Человечность

…Та осень была так же, обыденно мною любима. Любима тихо, спокойно, без резких всплесков эмоций, от которых я давно уже отвыкла и научилась тихо радоваться каждому дню и мгновению. Даже обострение ненавистной астмы, которое преследовало меня каждый раз, когда немного назойливое лето плавно перетекало в сонную, чуть тоскливую осень, воспринималось мной как должное, и я терпеливо, с завидным постоянством, вдыхала спасительный будесонид, стараясь, даже от данного судорожного процесса, извлечь хоть какое-то эстетическое удовольствие. Я научилась извлекать удовольствие из ненавистных, но обязательных вещей. Я ненавижу гладить мужские сорочки, потому что тщательность никогда не слыла моей добродетелью. Но, думая о том, как мой муж будет касаться загорелой шеей тонкого, немного хрусткого воротничка наглаженной сорочки, я улыбалась и мои брови неизменно взлетали вверх…Жест, которым я когда-то его покорила, моего мужа…Он говорил, что ни одна девушка не умеет так искренне восхищаться и удивляться, меняясь при этом лицом на столько, что порой кажется, что это вовсе и не я, а совсем другая, незнакомая женщина…
Чем я занимаю свою осень? Я не работаю. Сегодня мои занятия домом модно называть словом «домохозяйка», хотя хозяйка из меня никудышная, я не могу вытирать пыль, подметать или мыть полы – проклятая, хотя и воспринимаемая как должное, астма прочно держит меня в своих худых, тонких руках, и все, чем я могу причислиться к армии неработающих, но занимающихся хозяйством женщинам, это кулинария. Готовлю я простые, обычные блюда. Но с каким-то врожденным чувством изысканности, как говорит Андрей, мой муж, на самом же деле я просто люблю красиво сервировать стол, люблю тяжелые, бархатные скатерти и свечи в чугунных подсвечниках… Люблю красиво одеваться к тому времени, как муж вернется с работы, люблю вдевать длинные, сверкающие серьги, фамильные, доставшиеся мне не то от бабушки, не то от ее сестры, люблю осторожно но точно рассекать нежное мясо серебряным ножом и смаковать итальянское, солнечное вино из хрустального бокала на длинной ножке…
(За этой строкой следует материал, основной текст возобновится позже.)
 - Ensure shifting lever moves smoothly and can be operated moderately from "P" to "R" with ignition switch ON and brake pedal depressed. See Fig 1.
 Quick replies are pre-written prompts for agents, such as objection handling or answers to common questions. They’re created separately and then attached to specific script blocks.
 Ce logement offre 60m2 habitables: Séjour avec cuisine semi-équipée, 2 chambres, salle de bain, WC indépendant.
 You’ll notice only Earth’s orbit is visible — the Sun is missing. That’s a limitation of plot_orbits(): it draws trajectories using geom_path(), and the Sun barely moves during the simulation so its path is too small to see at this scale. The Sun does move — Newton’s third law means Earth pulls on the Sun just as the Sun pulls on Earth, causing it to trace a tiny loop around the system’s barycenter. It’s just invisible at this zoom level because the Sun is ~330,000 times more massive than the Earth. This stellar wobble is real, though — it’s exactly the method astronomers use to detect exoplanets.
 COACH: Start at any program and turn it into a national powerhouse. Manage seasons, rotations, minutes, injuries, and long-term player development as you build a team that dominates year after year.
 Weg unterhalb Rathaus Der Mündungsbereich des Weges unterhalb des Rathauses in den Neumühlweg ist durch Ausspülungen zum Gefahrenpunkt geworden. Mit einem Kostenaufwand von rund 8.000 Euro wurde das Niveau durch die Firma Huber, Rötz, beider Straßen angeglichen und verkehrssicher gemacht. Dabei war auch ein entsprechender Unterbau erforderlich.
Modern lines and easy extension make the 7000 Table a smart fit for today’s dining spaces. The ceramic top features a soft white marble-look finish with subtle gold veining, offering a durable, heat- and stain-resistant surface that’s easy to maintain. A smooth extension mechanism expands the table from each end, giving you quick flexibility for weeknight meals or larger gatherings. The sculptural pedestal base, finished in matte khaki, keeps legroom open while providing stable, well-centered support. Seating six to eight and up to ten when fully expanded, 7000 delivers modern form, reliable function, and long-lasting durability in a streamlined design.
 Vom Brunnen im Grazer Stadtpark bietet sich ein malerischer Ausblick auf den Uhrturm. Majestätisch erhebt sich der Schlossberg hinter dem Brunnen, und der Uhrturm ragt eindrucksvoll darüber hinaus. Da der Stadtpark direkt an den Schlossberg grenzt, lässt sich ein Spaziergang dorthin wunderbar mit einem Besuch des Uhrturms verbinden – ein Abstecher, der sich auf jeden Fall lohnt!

Наверное, моя любовь к эстетике, к своего рода эстетике, так как абсолютной эстеткой я себя не считаю, это не что иное, как перезревшая, или мутировавшая материнская любовь, которую мне так и не довелось выплеснуть на своего ребенка. И, наверное, уже не удастся. Мне почти сорок, это не много, я все еще люблю смотреть на свое отражение в зеркале и не пускаю слезу при просмотре старых семейных фотографий двадцатилетней давности. Мне почти сорок, это не мало, я знаю цену своему уюту, знаю цену тихой и мудрой любви, которую нам с мужем удалось пронести сквозь сложные, порой слишком сложные годы совместного сосуществования. Иногда мне становится стыдно перед Андреем за то, что лишила его потомства, оказалась пустой, как ненужный красивый сосуд, польза от которого разве что в том, что его время от времени можно наполнять водой и ставить в него цветы… Но понимание, милосердие, человечность – это больше, чем слепая и жаркая страсть… Именно эти чувства…Или мысли…Или помыслы…Именно на них, как на трех китах, держится наша семья…Вернее, наш союз…Кто-то из моих подруг когда-то верно подметил, что семья рождается тогда, когда рождается ребенок…А пока нет детей – это партнерство, союз, брак…Но не семья. И я живу в этом браке…А за окном снова осень.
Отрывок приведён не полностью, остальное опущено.